6/16/17

Lessons From: John F. Kennedy

How absensce can make you beloved



We've already covered how you can sometimes end with all of the credit for an idea with Charles Darwin, but what about making the world's perspective on you better than it should? John F. Kennedy is known as one of the most beloved presidents the United States has ever had, but was he really that good, compared to somebody like Richard Nixon, for example? Hell, they had one of the most interesting electoral campaigns in history, very intellectually charged, and both of these presidents were pretty defining for a new generation post WWII. 

JFK had a couple of rough bumps in the road. The most famous are, of course, the Bay of Pigs invasion, in which an army of Cuban refugees worked with the C.I.A. to attempt a coup in Cuba, which miserably failed, and the Cuban Missile Crisis, in which the world was brought to believe in mutually assured destruction as an imminent threat for the first time. This, fortunately, was a success in the sense that nuclear bombs weren't detonated on either side, but seen as a defeat for the loss of strategic warhead placement in Turkey, right in the Soviet Union's front yard. 



People tend to forget smaller failures like his meeting with Nikita Khrushchev, Stalin's successor, which has been called by some the worst day of his life (sans getting his head blown off taken into consideration I assume), in which he was seen as weak by the soviet dictator and in fact probably led to the eventual threat of nuclear war. It was after their meeting in Vienna, in fact, when the Berlin Wall's construction began. 

He did have a few successes, of course. Keeping a cool head and preventing total annihilation is an achievement, but the threat itself was partially caused by him.
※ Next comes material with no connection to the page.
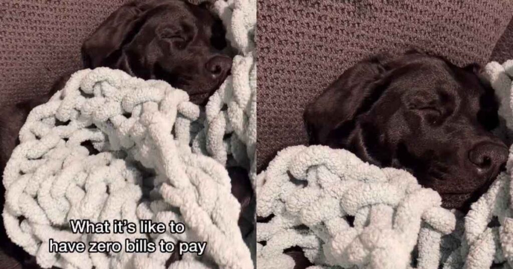 Un labrador negro llamado Jax fue noticia por su enfoque natural hacia la comodidad y la relajación. En este clip, se lo puede ver sentándose en el sofá y usando sus patas delanteras para hundir la manta, preparando el lugar más acogedor para su siesta. La cámara lo capta entonces dormitando, completamente despreocupado, y aparece un título en la pantalla: “Cómo es tener cero billetes”. Según su dueño, Jax “simplemente está viviendo el sueño” y los espectadores no podrían estar más de acuerdo.

He also created the Peace Corps and paved the way for the Civil Rights movement, which was finally brought to fruition by his successor Lyndon B. Johnson. 

Compare that to Nixon, then, who is one of the most disliked presidents in history, next to Buchanan, most of all because of the Watergate scandal in which it was found that Nixon's administration had been abusing power and had been recording many conversations which were promptly given to investigators and lead to the impeachment process and his resignation. 



Thus, it's no surprise that people overlook his reforms in welfare, civil rights, energy, and environmental policy, established the EPA, fought against sexual discrimination, lowered the voting age to 18, lowered the amount of troops in Vietnam and used the dividends to finance social welfare, made sure that Southern schools had thorough desegregation, and when it came to foreign policy, he was deemed to be a master of it, having even engaged the Soviet Union and the People's Republic of China, the latter which opened its markets to the rest of the world as a result. You wouldn't drink a glass of clean water with one drop of shit, after all. 

What can we learn from this?

In a way, this speaks about the effectiveness of martyrism as a way to erase your past mistakes and redeem yourself. It's very clear that his charisma helped people remember him in a better light, as well, after all, the American public could even forgive his affairs and everything because he was a charmer and it was expected. 



Of the 48 Laws of Power he inadvertently used 16: Use absence to increase respect and honor. Had he died early, he probably would've been forgotten or at least not so revered by everyone, and had he died after his presidency, the impact would've been much smaller, after all, there is a whole world of speculation and conspiracy theories you can create when a president dies. Learn when the right time to disappear is, and you can wash your hands clean of your own mistakes as well.